The answer must be only the lines below from the one holding "1 Sysyem supply" down to the one holding "Minu pikkuse 164", ends included, printed exactly; please omit all pictures.

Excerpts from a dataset
Start of Block
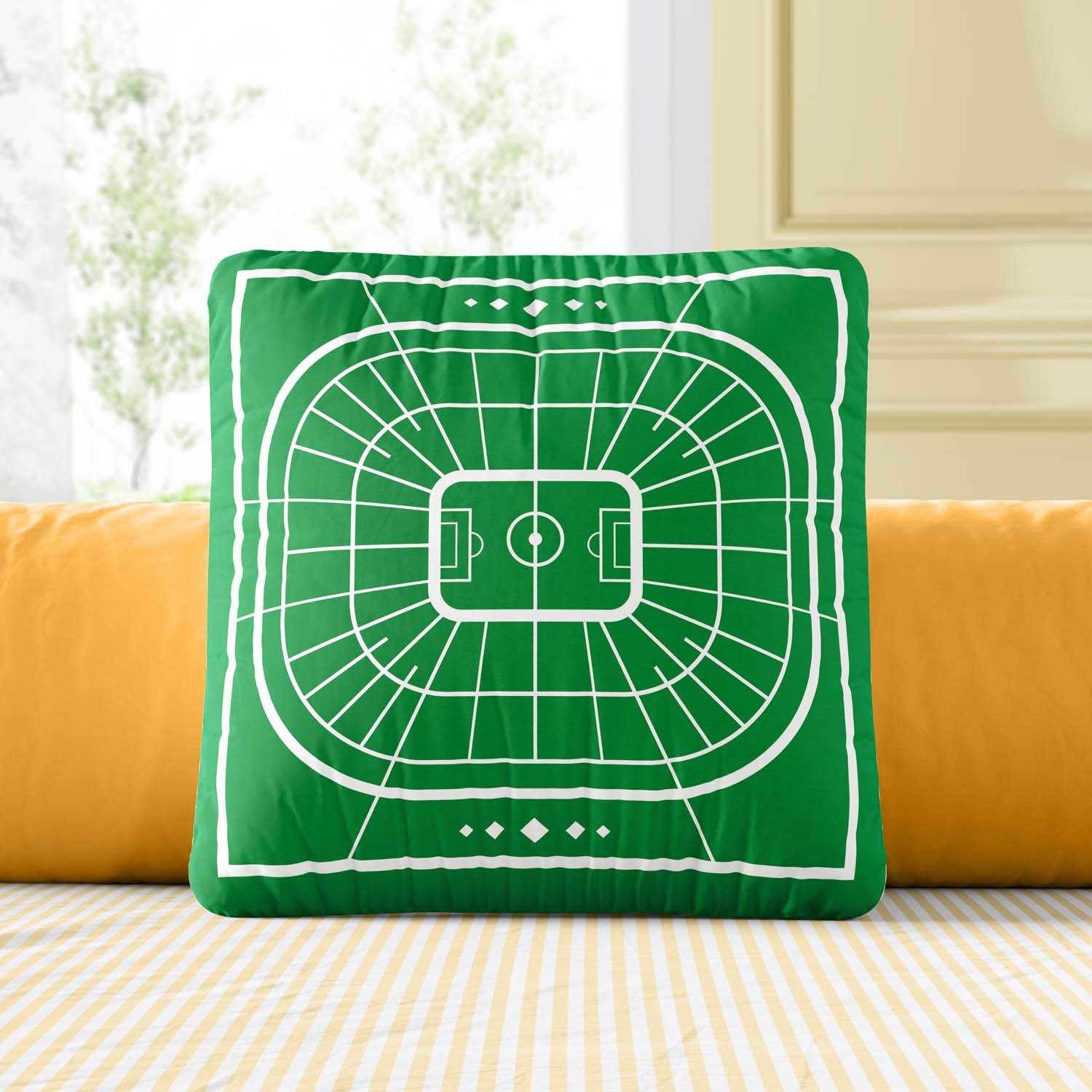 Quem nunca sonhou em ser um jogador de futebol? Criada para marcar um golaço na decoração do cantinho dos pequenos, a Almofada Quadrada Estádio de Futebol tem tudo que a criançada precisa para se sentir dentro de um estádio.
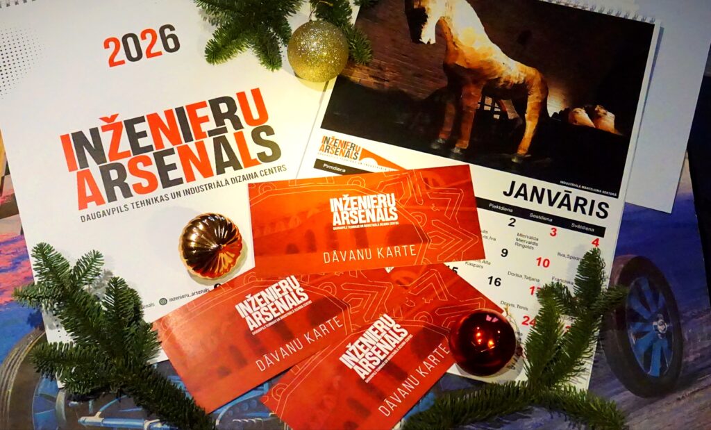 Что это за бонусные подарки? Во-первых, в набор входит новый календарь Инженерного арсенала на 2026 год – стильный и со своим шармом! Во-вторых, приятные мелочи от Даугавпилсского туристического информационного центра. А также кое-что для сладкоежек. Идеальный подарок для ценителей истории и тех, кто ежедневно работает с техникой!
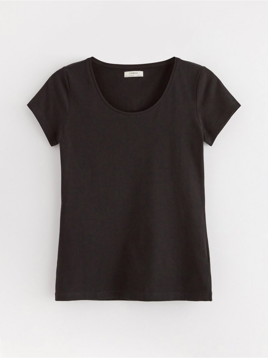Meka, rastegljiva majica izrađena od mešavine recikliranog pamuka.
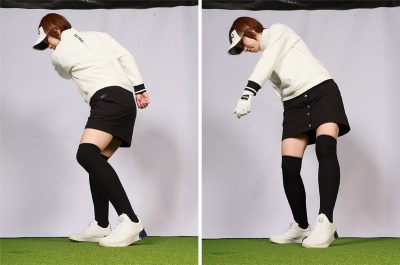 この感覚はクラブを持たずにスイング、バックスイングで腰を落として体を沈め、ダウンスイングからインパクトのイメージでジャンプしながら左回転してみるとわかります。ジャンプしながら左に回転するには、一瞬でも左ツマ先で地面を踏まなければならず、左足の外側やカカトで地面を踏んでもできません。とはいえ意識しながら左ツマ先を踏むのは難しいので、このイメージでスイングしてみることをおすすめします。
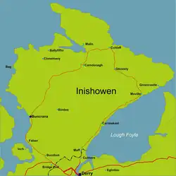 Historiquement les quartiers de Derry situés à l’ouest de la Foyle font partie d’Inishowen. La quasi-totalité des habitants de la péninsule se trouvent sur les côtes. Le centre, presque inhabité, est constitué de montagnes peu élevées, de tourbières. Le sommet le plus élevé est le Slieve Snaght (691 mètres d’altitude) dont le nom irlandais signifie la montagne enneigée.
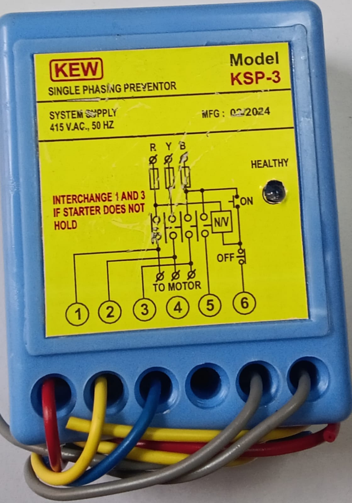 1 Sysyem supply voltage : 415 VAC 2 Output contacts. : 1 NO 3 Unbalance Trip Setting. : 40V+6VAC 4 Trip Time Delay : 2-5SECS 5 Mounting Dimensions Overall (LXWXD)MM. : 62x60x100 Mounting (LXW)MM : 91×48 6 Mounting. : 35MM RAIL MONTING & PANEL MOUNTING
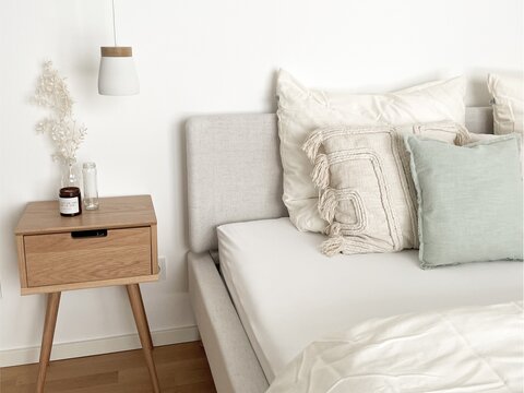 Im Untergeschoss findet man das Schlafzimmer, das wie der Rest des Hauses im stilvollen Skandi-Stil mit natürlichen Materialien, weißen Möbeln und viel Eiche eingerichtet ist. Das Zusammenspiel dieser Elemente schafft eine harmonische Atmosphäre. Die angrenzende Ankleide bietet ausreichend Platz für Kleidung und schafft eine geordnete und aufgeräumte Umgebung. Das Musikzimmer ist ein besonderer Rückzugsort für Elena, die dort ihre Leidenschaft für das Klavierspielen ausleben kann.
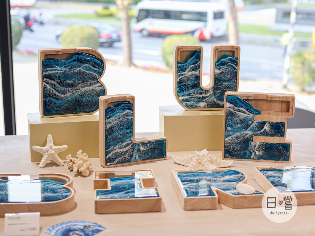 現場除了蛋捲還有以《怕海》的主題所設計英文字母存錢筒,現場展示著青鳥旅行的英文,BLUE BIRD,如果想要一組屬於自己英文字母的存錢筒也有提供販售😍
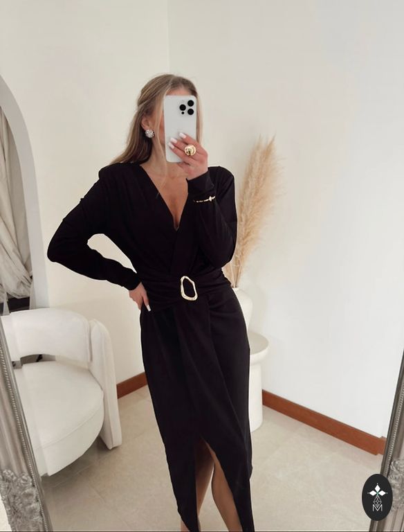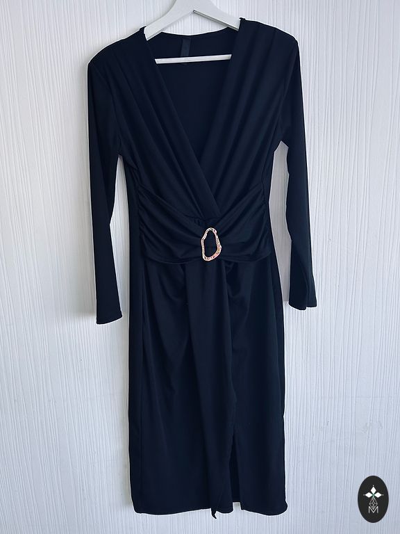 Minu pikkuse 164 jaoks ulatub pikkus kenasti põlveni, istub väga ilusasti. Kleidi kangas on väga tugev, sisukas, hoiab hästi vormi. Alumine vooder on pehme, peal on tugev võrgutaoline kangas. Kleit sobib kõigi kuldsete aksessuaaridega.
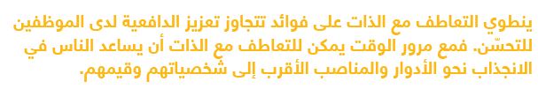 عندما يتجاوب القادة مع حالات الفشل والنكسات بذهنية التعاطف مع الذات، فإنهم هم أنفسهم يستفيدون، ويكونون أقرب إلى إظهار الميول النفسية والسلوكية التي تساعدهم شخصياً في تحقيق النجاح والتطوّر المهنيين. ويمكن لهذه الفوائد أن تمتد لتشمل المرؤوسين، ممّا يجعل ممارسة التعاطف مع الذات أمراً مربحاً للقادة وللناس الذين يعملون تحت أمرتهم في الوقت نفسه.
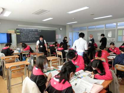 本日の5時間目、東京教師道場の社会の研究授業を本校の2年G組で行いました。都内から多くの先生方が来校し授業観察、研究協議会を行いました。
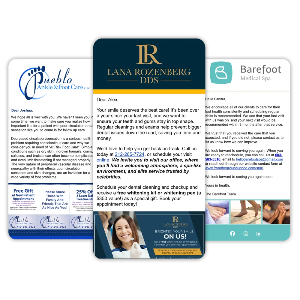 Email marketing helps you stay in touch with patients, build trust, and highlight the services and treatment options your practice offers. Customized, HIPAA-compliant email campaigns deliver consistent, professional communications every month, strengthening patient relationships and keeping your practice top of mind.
End of Block
Start of Block
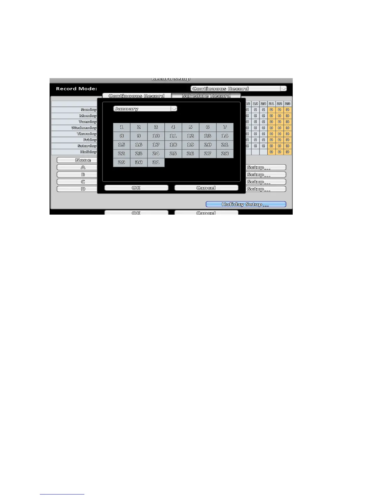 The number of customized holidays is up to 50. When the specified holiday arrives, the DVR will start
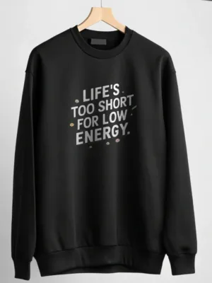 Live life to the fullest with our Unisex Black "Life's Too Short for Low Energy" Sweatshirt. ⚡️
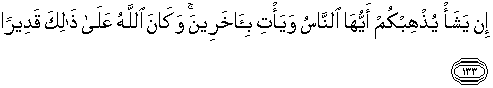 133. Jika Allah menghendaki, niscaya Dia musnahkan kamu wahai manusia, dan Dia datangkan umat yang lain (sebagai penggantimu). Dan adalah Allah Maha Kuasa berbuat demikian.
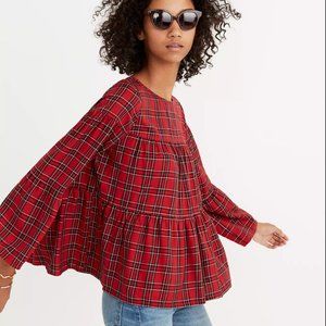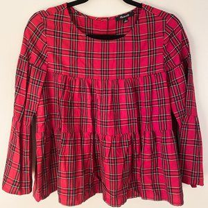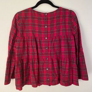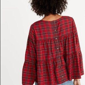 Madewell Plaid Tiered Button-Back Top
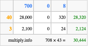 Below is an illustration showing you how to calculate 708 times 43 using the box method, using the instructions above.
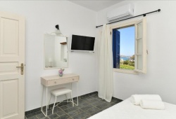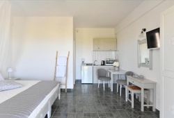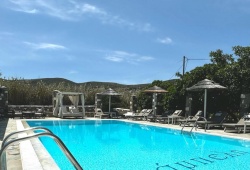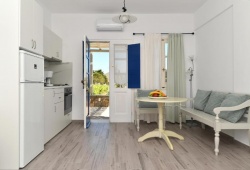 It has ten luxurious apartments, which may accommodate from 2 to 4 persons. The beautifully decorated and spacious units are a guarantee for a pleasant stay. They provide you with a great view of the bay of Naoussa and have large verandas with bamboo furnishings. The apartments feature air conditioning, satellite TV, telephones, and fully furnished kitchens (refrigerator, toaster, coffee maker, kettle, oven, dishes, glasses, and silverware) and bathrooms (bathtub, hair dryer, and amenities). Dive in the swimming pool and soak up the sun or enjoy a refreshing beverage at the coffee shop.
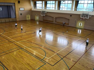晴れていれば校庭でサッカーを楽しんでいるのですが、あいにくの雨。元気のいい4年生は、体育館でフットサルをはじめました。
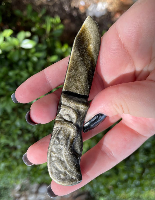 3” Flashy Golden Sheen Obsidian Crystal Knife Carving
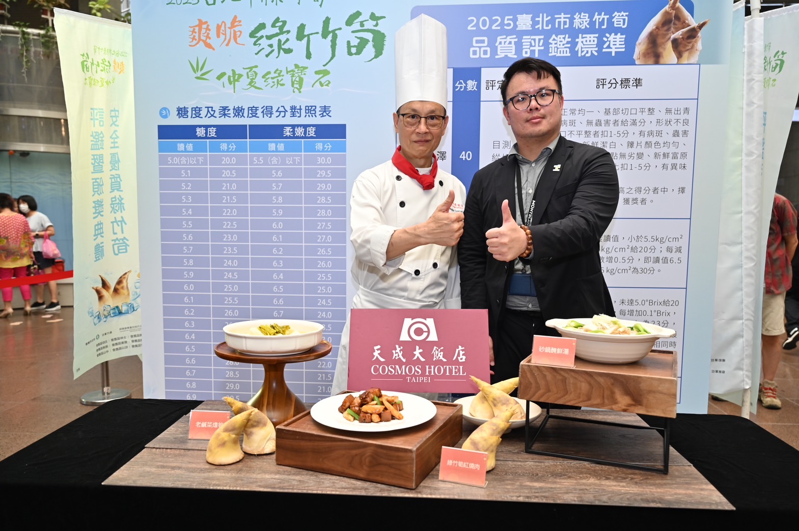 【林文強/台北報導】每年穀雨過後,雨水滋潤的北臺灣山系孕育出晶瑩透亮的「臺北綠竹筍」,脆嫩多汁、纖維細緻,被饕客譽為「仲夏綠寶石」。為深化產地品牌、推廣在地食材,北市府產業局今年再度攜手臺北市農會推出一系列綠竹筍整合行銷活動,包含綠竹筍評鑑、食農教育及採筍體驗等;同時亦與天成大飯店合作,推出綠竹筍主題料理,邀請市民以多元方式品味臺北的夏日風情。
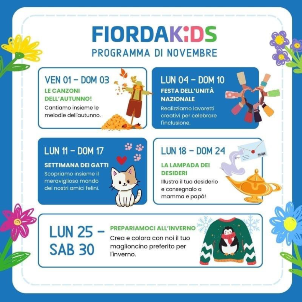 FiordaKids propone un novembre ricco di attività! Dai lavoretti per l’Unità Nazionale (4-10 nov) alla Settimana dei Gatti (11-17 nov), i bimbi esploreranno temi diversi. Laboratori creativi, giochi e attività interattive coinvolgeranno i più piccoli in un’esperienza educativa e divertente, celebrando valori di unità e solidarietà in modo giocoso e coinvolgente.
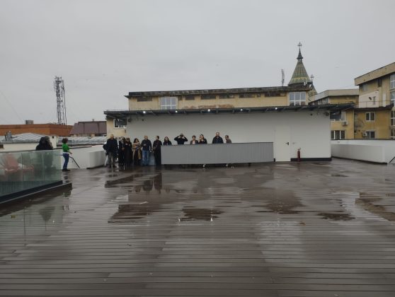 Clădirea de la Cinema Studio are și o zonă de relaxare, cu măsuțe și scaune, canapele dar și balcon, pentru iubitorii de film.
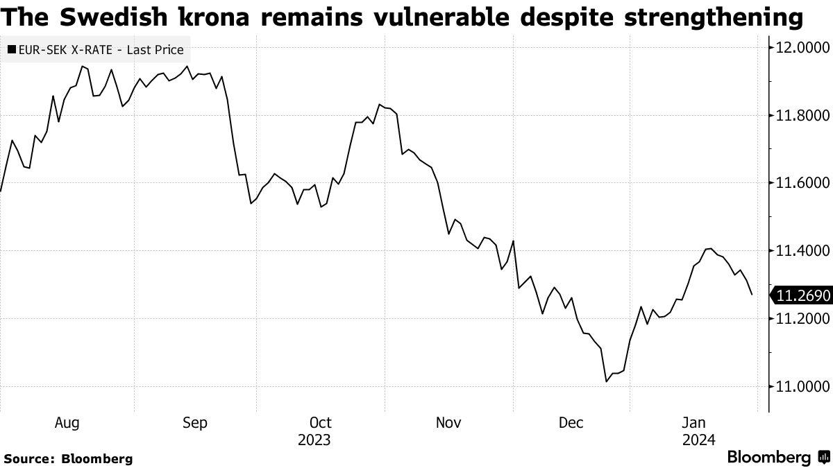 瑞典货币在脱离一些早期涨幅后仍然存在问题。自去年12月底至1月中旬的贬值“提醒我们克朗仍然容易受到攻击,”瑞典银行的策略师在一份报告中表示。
End of Block
**ANSWER AREA:**
 1 Sysyem supply voltage : 415 VAC 2 Output contacts. : 1 NO 3 Unbalance Trip Setting. : 40V+6VAC 4 Trip Time Delay : 2-5SECS 5 Mounting Dimensions Overall (LXWXD)MM. : 62x60x100 Mounting (LXW)MM : 91×48 6 Mounting. : 35MM RAIL MONTING & PANEL MOUNTING
 Im Untergeschoss findet man das Schlafzimmer, das wie der Rest des Hauses im stilvollen Skandi-Stil mit natürlichen Materialien, weißen Möbeln und viel Eiche eingerichtet ist. Das Zusammenspiel dieser Elemente schafft eine harmonische Atmosphäre. Die angrenzende Ankleide bietet ausreichend Platz für Kleidung und schafft eine geordnete und aufgeräumte Umgebung. Das Musikzimmer ist ein besonderer Rückzugsort für Elena, die dort ihre Leidenschaft für das Klavierspielen ausleben kann.
 現場除了蛋捲還有以《怕海》的主題所設計英文字母存錢筒,現場展示著青鳥旅行的英文,BLUE BIRD,如果想要一組屬於自己英文字母的存錢筒也有提供販售😍
 Minu pikkuse 164 jaoks ulatub pikkus kenasti põlveni, istub väga ilusasti. Kleidi kangas on väga tugev, sisukas, hoiab hästi vormi. Alumine vooder on pehme, peal on tugev võrgutaoline kangas. Kleit sobib kõigi kuldsete aksessuaaridega.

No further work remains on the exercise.